PPRuNe Forums - View Single Post - Computational fluid dynamics
View Single Post
Old 2nd July 2011 | 08:20
  #6 (permalink)  
Genghis the Engineer
Moderator
30 Countries Visited
25 Anniversary
Veteran: Reserves
 
Joined: Feb 2000
: CPL
Posts: 14,480
Likes: 178
From: UK
The differences there are that F1 or Scaled will go fairly quickly into vehicle/flight testing and get their data there, also that neither is certifying anything to carry fare-paying passengers.

The light aeroplane world also does relatively little either CFD or wind tunnel work - for that matter they still fairly routinely will do only basic hand calculations or single-operator FEA then build and carry out physical load tests.


It really is an economic decision - you'll always need some combination of analysis, model/sample test, and full scale test on both structures and aerodynamic features. The scale however tends to dictate the proportions.

At the microlight/ homebuilt level, a couple of engineers will probably spend a few daysor weeks with Excel or a basic combined FE/CFD package such as Solidworks working through the main cases, then they'll build two, test one structurally to destruction, and start flight testing the second. At that scale, build and test is usually much cheaper and faster than analysis.

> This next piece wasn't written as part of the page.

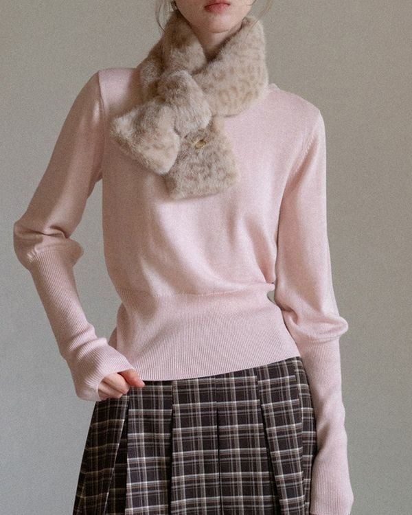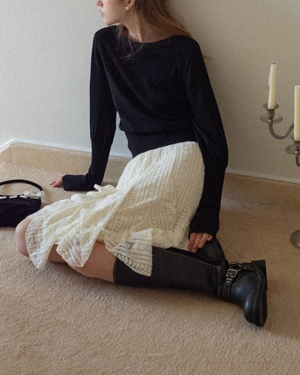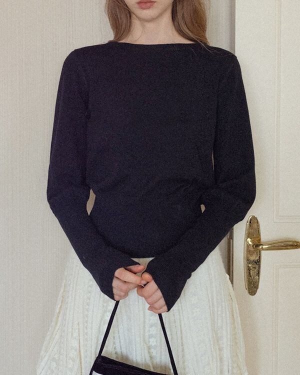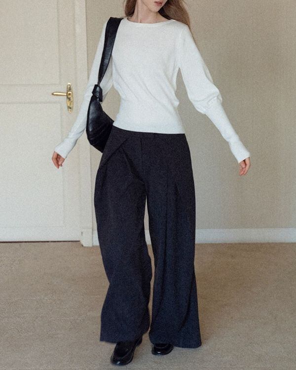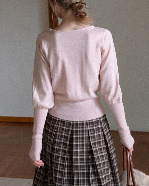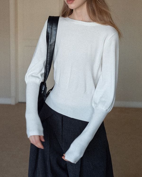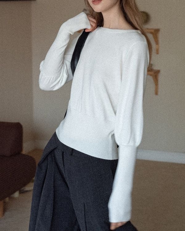 バルーンスリーブが女性らしさを演出するニット。

At the airliner level, a massive team of engineers with a cutting edge package such as Catia will analyse every tiny component to every possible case - then the most critical cases will be tested to confirm the analysis is correct. At that large and complex scale the thousands of man-years and millions of pounds on computing time are still far cheaper and faster building and testing.

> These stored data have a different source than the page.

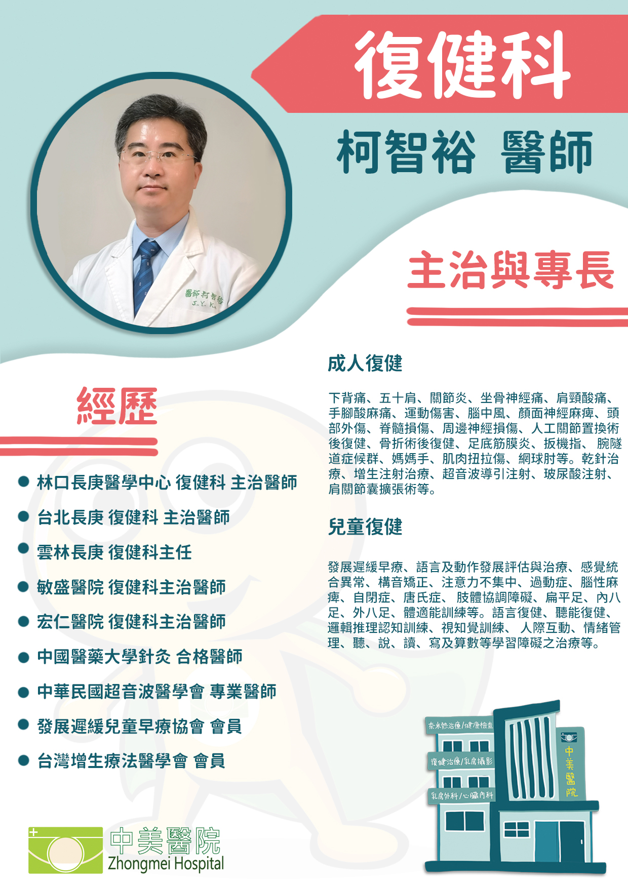 3月起新進復健科 柯智裕醫師 柯醫師學有所長,是本院復健科的新血,服務時間為每星期四 午診時段,歡迎他加入中美醫院大家庭為民眾服務~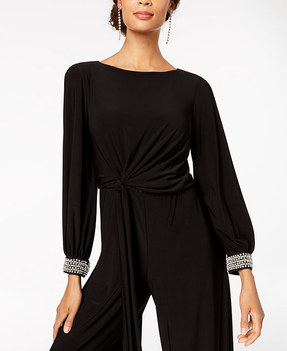 Rhinestone-Embellished Wide-Leg Jumpsuit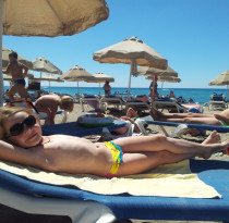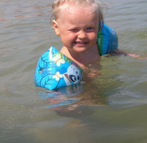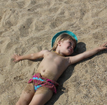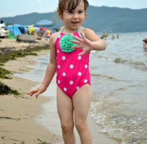 Находчивая Полина и искупнулась и загарает

Structurally also the increasing use of composite structures makes structural strength estimation incredibly tough to get right. In tension it's easy enough, but in compression where the strength is a function of the microscopic-level buckling loads of patterns of fibres that just can't be laid with that sort of microscopic precision in the way that you (relatively) can with metal structures, it is really really hard and you have no choice but to do a lot of testing. Another factor very very hard to model is rate of load onset - so for example undercarriage drop tests are still done at every scale of aeroplane, and probably always will be.

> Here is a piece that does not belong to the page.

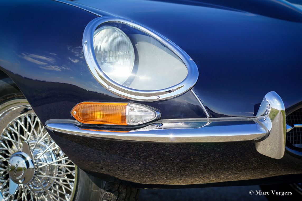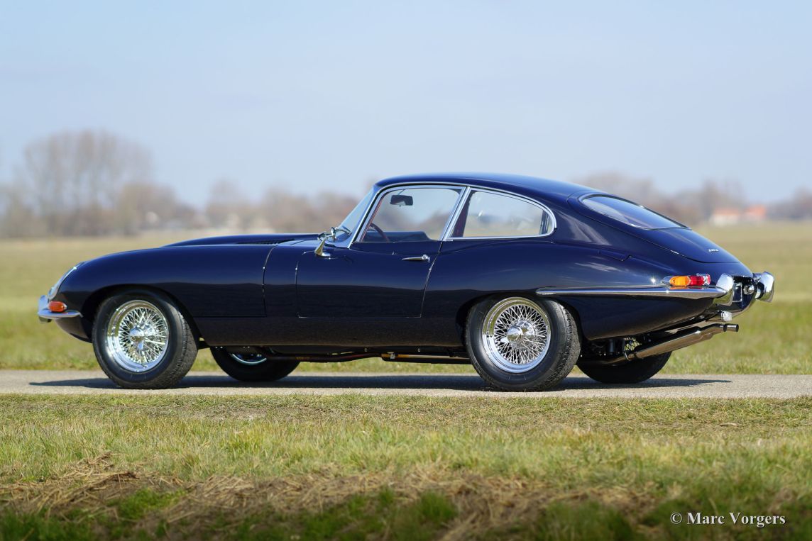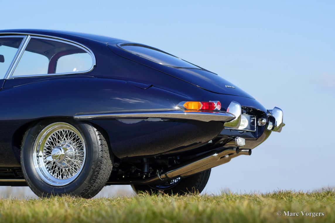 The design of the E-Type series as it was introduced in 1961 is of almost unearthly beauty. Look at all the refined details: the bonnet, the headlights, the back lights, the recess for the wheel housing and the back side, and you will realize that you are looking at absolute, timeless beauty in automobile design.

Regarding wind tunnel work specifically, the simple stuff - lift and drag can pretty much be done by analysis. The difficult stuff is behaviour around stalled components where the point of boundary layer separation is incredibly hard to model, anything involving vortex street creation (and thus flutter) which is equally tough to get right because it's so dependent upon very complex shapes and Re/viscosity/Mach interaction effects, and the detail of stability derivatives that lead to prediction of flying qualities - or increasingly determination of control laws for the AFCS.

So in a nutshell, I don't think you'll ever get away from testing - but the more large and complex the project, the more you'll see companies trying. And there will always be a point where the cost of the computing means that it's cheaper to build and test something than "just" do it on computers.